Lastly, while you are waiting for your system to stabilize, go visit the various LFS to see what is available or coming in and get the creative juices flowing and get an idea of what these items will cost.

Not much help on specifics but helping you learn the tools that you will need to make it fun.

HTH


----------



## WateraDrop (Nov 16, 2008)

Oh lordy, HELP LOL. The NTS is kicking me hard lol I look at the tank and imagine the possibilities. PATIENCE!


----------



## aln (Jan 26, 2010)

yah!!! another one!
pictures or it didnt happen yet!!!!


----------



## WateraDrop (Nov 16, 2008)

I rearranged and added a bit more live rock today. Looks real nice now.... as nice as a pile of rocks can look lol.

Edit: This was yesterday. Rock is piled up a bit higher now lol


----------



## aln (Jan 26, 2010)

oo nice scape  at first it looks a bit low..maybe its the angle but its growing on me 
seems like there are alot of caves for circulation and fish


----------



## mr_brixs (Jun 18, 2009)

for fish.. get a nemo.. and i have a hammer coral for sale..


----------



## WateraDrop (Nov 16, 2008)

I noticed tiny stars and anemones and a worm and stuff from the live rock! Scary stuff lol.


----------



## dl88dl (Mar 8, 2010)

WateraDrop said:


> I noticed tiny stars and anemones and a worm and stuff from the live rock! Scary stuff lol.
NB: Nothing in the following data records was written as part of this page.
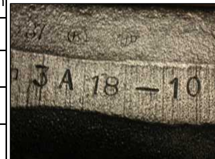
INSPECTION No. 3A18-10
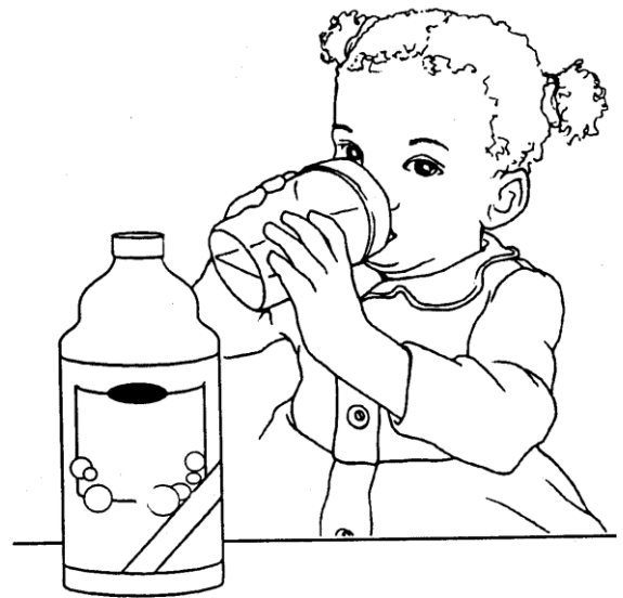
Picture 1 Give liquids to prevent dehydration.

When children are vomiting they usually don't feel like eating solid food. If your child feels like eating, it won't hurt him, but he must also drink plenty of liquids. Children who don't feel like eating food still need to drink plenty of liquids to keep from getting dehydrated. After about 6 to 8 hours of giving clear liquids, try to get your child to start eating some food.
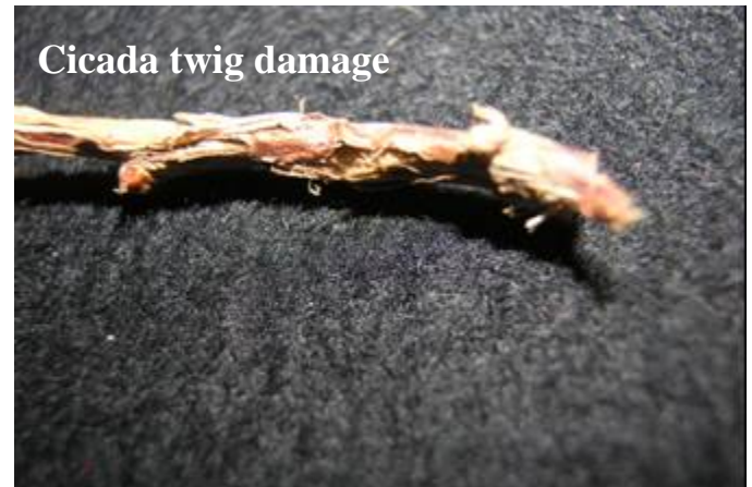
Cicada twig damage
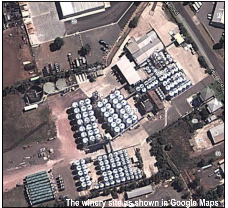
The winery site as shown in Google Maps

The site has a capacity 30,000 tonnes, it closed in 2010. If this level is required by the new owners the region is set to benefit.
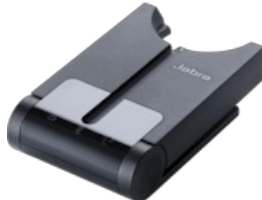
Jabra Pro 930 MS
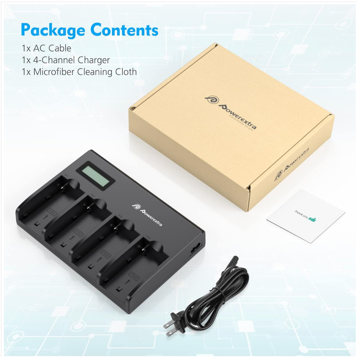
Image: The charger, AC cable, and cleaning cloth neatly arranged next to the product box.
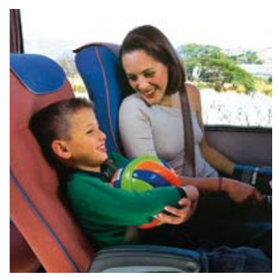
Everyone in a coach needs both comfort and safety belts.
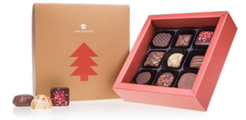
368101 CHRISTMAS MIDI SQUARE Package dimensions: 148×148×40 mm Net weight: 110 g Net price: 17,94 EUR A box containing 9 chocolate pralines with fillings.
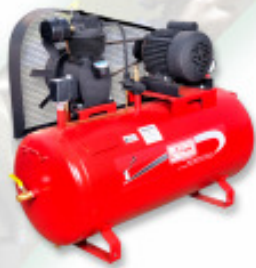
Beat - 10ES
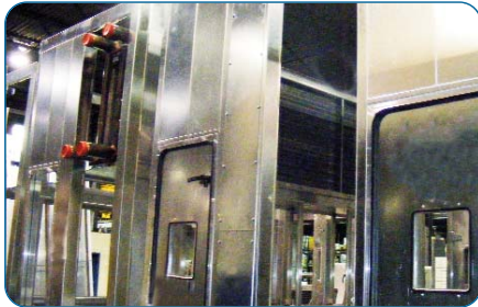
38,000 cfm Ventrol knock-down AHU is fully assembled, tested, and inspected at the factory.

Once the medical center gave the "thumbs up" to the knock-down air handler with a FANWALL array solution,
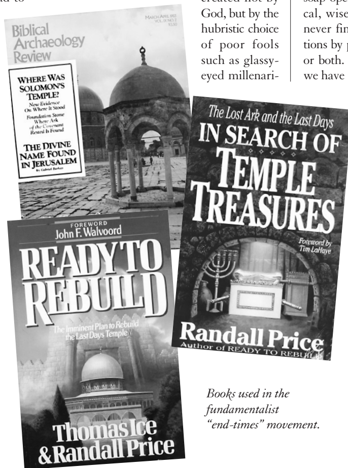
Books used in the fundamentalist “end-times” movement.

The key to the answer lies in a question: What makes a nitwit such as our typical millenarian fundie tick? How do such fundies, in effect, control a majority among those American Jews, who, on other issues, would be generally too civilized, too rational, to fall for the kinds of games
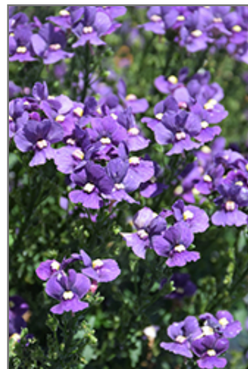
Nesia Denim Nemesia flowers
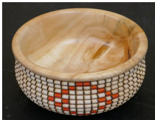
Scott Eckstein - Basket Illusion Balsam Poplar Bowl
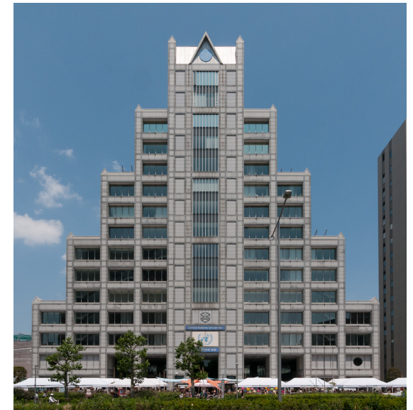
United Nations University, Tokyo, Japan
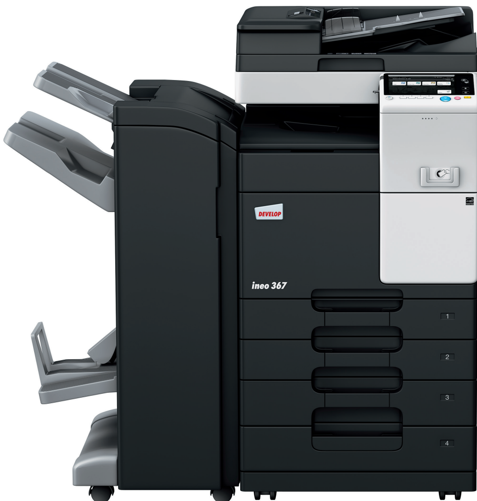
ineo 367 with document feeder (DF-628), staple/booklet finisher (FS-534SD), paper feeder (PC-213) and mount kit for local ID card authentication device (MK-735)

Job centres, schools and universities, engineering firms, architect's offices, insurance companies, banks, libraries: many small to mid-sized businesses or organisations don't really need colour printing capabilities. What their users really require is a monochrome multifunctional device that is intuitively easy to use and offers simple mobile usability for the increasing number of mobile office workers.
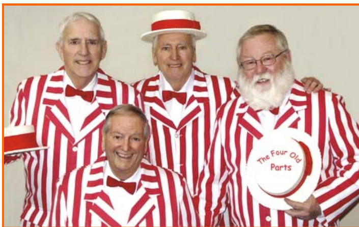
Left: Throughout the evening, we will be entertained by a colorful Barbershop Quartet, The Old Parts .
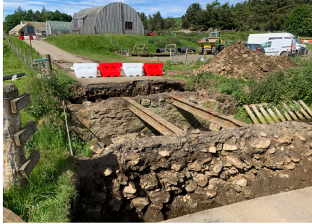
The bridge site at Aldunie

This month, teams from AJ Engineering are expected to be on site to supply and install two bridges which are part of Moray Council's £1.7m road and footbridge spending plan.

Those little anemones are called Aiptasia and they are a pest and will attack and kill most corals...where did you get your LR? Try and get rid of those Aiptasia and please keep the update pictures coming...thanks


----------



## WateraDrop (Nov 16, 2008)

I read that peppermint shrimp can take care of the small ones


----------



## dl88dl (Mar 8, 2010)

WateraDrop said:


> I read that peppermint shrimp can take care of the small ones


Yeah, most peppermint will eat them.
BTW, once you crossed over to the dark side...you will never go back...LOL


----------



## WateraDrop (Nov 16, 2008)

No lol! I will always love my freshies!


----------



## dl88dl (Mar 8, 2010)

WateraDrop said:


> No lol! I will always love my freshies!


I hear you...I crossed over but still keep my FW


----------



## WateraDrop (Nov 16, 2008)

Omg, being exposed to saltwater is overwhelming me lol I should be studying for finals. SW fish are so :O. I saw some pictures of dragonets and they are damn smexy beasts lol


----------



## WateraDrop (Nov 16, 2008)

wtac said:


> Where do I start...LOL!
> 
> Most LPS and soft corals will do well in general, provided that parameters are stable and testing/supplementation are maintained. Where it's tough to suggest what types to get, I would start with your aquascaping as there is a "method to the madness".
> 
> ...


So I took your advice and went to peruse Lucky's and Big Al's (the one by CenterPoint). I asked the people there and they showed me some fish that I might want to keep, an easy-to-care-for coral I may want to keep in the future, as well as inverts.

So far, I have listed the following as potential inhabitants of this new reef-to-be tank of mine:

yellow-tail blue damsel
ocellaris clownfish
yellow tang* -- the guy at BA's and the SW guy at Lucky's both said that yellow tangs are easy to care for and are good in reef tanks. They seem a bit big for a 24g though from what I can tell. Got any info on these?
scooter blenny
cleaner shrimp

I'm looking for some hardier animals to care for but at the same time interesting and different from what I might be used to on the FW side. When I was at both stores, the fish seemed more personable than most of the FW fish  this was quite interesting.

Anyway, mucho gracias


----------



## dl88dl (Mar 8, 2010)

The Yellow tangs can grow to 8" so your 24gal is too small.


----------